§ **Aim of the task**
When copying the data below, keep only the lines from the one with "2、优先购买战斗商店中的【一扭红枫】、【幸运小炮】以及有吸血条目的武器;" through the one with "This stunning Illusion", word for word, and skip the pictures.

§ **Records for this exercise**
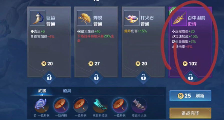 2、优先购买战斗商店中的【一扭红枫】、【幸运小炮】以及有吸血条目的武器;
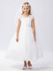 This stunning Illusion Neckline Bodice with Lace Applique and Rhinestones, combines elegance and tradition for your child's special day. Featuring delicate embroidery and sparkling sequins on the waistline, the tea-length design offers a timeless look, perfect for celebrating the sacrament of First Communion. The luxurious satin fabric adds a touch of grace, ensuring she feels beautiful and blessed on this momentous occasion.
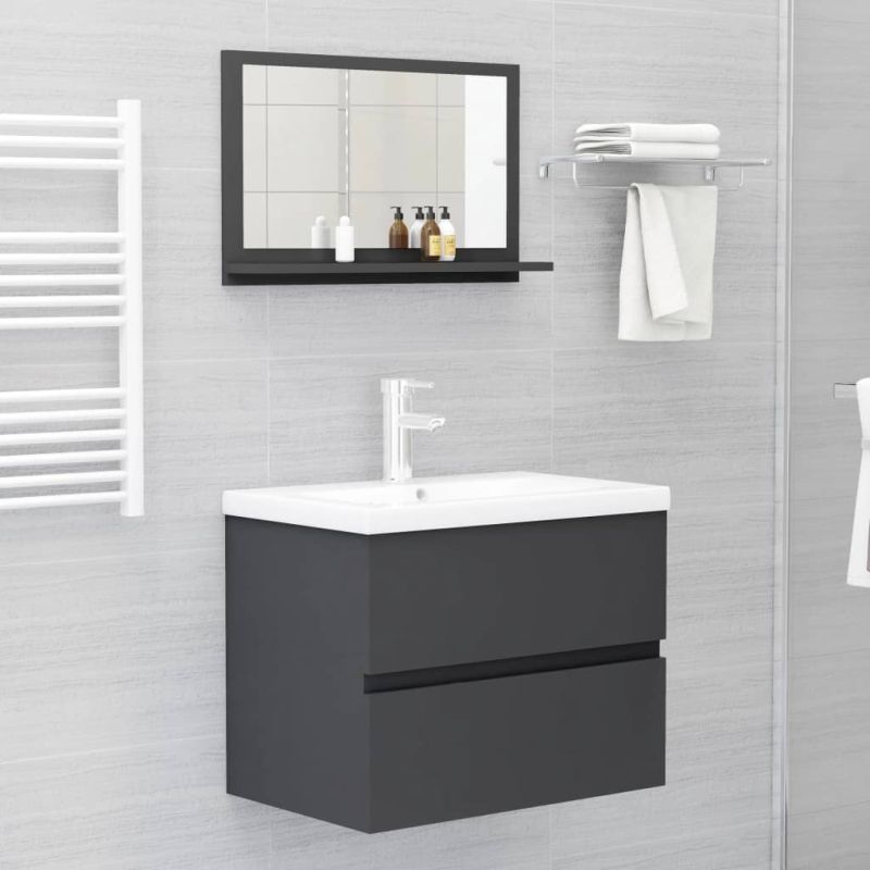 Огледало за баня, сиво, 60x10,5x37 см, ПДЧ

==

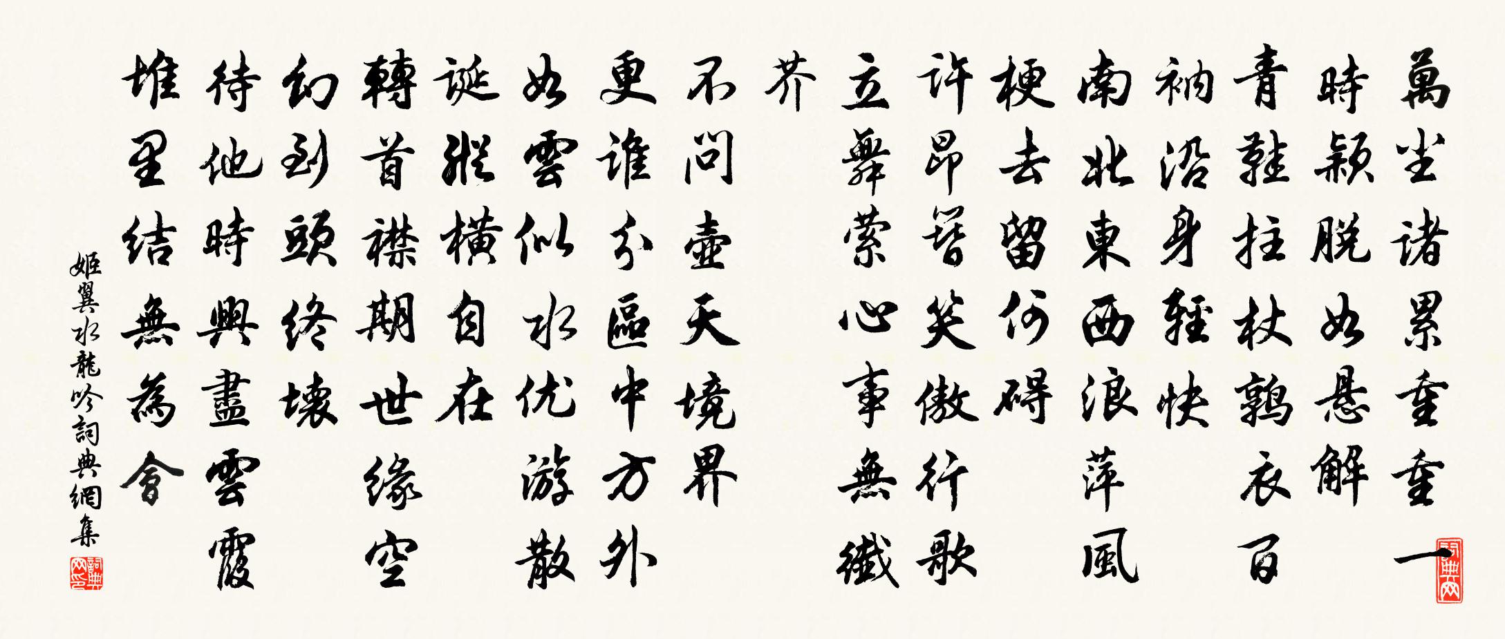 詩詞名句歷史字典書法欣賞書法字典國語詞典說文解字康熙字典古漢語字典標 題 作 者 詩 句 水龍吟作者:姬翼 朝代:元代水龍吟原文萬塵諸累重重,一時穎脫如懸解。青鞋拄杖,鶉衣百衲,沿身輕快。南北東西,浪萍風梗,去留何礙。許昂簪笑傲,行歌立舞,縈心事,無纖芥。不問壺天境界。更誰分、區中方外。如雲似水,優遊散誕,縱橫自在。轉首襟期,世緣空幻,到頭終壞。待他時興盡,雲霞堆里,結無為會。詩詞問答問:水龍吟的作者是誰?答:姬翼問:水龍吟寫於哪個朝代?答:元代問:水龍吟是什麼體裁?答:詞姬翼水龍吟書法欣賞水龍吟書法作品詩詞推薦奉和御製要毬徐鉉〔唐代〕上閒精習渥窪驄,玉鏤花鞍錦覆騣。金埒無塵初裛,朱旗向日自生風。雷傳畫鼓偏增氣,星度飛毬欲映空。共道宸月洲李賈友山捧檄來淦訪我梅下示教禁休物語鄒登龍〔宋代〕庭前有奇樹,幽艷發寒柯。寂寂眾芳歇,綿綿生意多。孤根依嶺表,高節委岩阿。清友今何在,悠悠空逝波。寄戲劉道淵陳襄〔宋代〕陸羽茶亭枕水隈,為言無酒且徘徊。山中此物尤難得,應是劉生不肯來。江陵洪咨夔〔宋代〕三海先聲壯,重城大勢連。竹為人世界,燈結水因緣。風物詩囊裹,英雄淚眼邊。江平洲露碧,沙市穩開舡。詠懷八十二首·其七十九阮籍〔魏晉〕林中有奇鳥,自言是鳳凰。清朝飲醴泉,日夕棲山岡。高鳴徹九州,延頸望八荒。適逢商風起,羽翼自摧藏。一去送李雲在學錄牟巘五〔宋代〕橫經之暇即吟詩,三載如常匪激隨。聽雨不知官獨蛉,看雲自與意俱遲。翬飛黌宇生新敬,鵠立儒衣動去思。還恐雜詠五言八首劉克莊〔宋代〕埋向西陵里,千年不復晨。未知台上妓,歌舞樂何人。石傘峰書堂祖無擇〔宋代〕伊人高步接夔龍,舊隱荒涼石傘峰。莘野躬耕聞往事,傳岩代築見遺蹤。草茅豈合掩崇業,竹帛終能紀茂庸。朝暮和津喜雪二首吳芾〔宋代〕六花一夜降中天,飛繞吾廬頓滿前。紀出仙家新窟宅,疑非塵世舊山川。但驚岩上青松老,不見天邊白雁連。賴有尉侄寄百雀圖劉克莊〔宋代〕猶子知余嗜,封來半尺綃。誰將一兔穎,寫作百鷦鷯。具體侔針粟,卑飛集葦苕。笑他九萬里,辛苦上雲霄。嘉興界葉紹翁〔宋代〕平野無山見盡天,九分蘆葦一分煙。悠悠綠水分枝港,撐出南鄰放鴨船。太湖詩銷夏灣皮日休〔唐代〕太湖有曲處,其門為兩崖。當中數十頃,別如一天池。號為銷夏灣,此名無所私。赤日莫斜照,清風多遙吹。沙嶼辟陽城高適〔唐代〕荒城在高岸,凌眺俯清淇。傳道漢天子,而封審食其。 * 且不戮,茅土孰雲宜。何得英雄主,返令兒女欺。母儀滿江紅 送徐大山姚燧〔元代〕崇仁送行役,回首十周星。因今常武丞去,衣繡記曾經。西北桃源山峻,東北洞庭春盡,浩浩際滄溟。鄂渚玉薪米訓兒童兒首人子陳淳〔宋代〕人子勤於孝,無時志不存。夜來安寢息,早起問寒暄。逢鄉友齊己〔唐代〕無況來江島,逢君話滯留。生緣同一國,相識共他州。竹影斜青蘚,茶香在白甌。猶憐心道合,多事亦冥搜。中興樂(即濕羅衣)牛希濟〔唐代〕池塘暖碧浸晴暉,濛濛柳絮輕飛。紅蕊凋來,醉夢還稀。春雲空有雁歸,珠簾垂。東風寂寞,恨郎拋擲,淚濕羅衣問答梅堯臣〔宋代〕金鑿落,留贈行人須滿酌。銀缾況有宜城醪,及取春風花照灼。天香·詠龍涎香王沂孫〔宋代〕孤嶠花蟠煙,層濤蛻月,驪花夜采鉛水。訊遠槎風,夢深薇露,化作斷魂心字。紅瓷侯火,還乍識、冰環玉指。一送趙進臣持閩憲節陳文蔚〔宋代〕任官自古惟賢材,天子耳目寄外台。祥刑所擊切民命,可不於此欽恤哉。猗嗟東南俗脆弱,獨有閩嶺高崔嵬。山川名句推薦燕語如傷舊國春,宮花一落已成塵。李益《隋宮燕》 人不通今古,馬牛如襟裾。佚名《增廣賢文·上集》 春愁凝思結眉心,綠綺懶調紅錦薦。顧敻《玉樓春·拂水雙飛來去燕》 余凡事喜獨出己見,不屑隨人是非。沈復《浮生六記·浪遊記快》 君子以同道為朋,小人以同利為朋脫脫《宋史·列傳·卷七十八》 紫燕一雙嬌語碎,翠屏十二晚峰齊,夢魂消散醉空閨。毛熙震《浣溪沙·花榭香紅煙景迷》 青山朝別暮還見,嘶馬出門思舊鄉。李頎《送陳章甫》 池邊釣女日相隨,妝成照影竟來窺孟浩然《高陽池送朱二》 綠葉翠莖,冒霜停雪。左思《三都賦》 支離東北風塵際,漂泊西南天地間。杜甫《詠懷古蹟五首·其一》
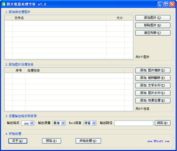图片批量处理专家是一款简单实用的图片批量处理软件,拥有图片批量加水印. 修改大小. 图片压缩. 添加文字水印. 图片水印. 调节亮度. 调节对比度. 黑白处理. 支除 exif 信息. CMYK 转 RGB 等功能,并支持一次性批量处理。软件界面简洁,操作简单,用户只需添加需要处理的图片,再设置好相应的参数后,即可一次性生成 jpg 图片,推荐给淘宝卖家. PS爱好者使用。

§ **Exercise response**
 2、优先购买战斗商店中的【一扭红枫】、【幸运小炮】以及有吸血条目的武器;
 This stunning Illusion Neckline Bodice with Lace Applique and Rhinestones, combines elegance and tradition for your child's special day. Featuring delicate embroidery and sparkling sequins on the waistline, the tea-length design offers a timeless look, perfect for celebrating the sacrament of First Communion. The luxurious satin fabric adds a touch of grace, ensuring she feels beautiful and blessed on this momentous occasion.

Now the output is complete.